COLLECTED DATA
"""
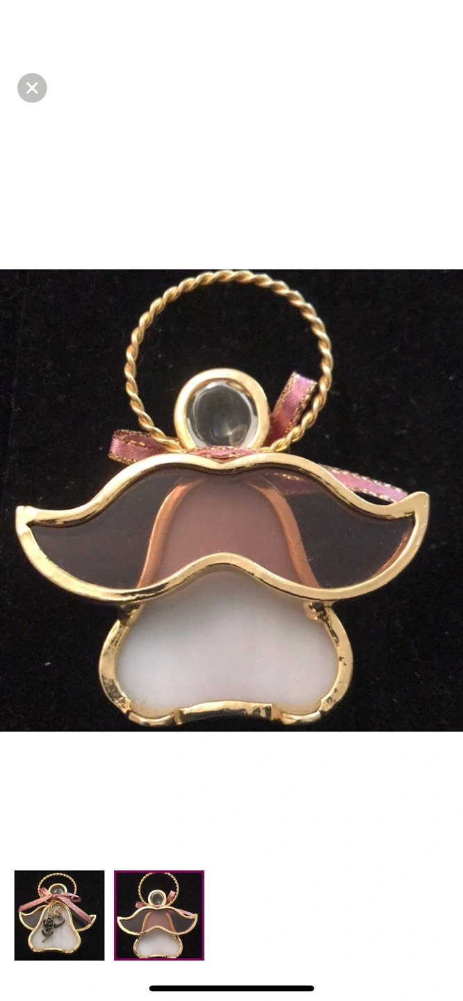 Lovely handmade stained glass angel pendant/charm. Features a gold frame, pink ribbon, and small charms. Perfect for Christmas or any occasion. Unique and delicate design.
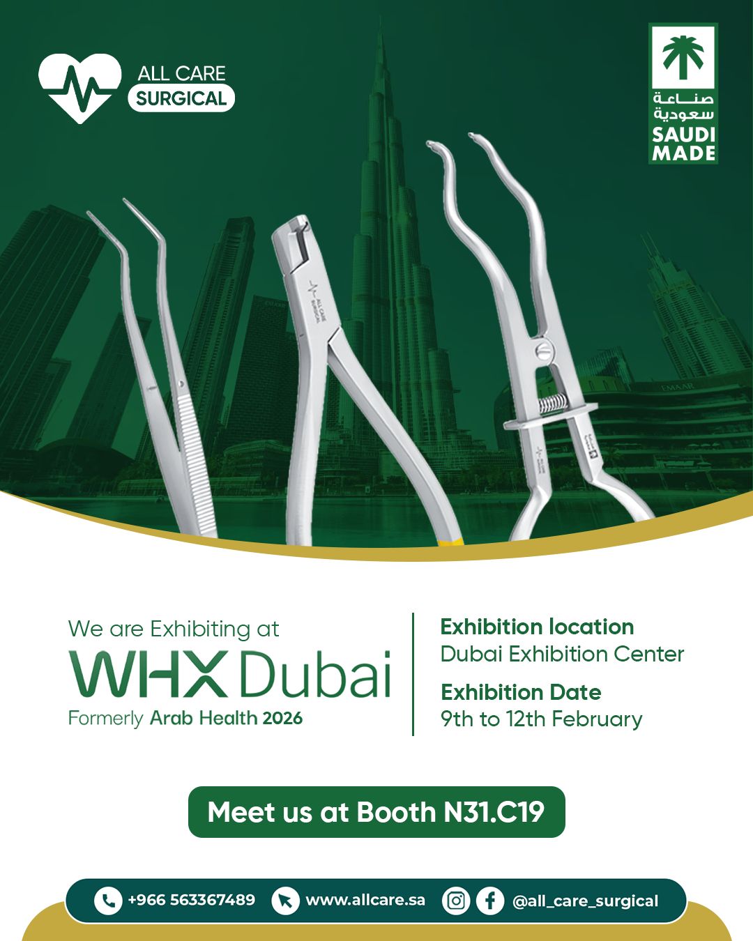We are proud to announce that All Care Surgical will be exhibiting at WHX Dubai 2026 (formerly Arab Health) from 09-12 February 2026, presenting Saudi-made precision surgical instr
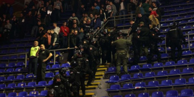 Isto se nastavi i kada je meč počeo, a jedno momentu navijači su predmetima gađali sudije.
"""
WHAT IS NEEDED
From the first line to the last, return the material above exactly, apart from the pictures.

TASK ANSWER
 Lovely handmade stained glass angel pendant/charm. Features a gold frame, pink ribbon, and small charms. Perfect for Christmas or any occasion. Unique and delicate design.
We are proud to announce that All Care Surgical will be exhibiting at WHX Dubai 2026 (formerly Arab Health) from 09-12 February 2026, presenting Saudi-made precision surgical instr
 Isto se nastavi i kada je meč počeo, a jedno momentu navijači su predmetima gađali sudije.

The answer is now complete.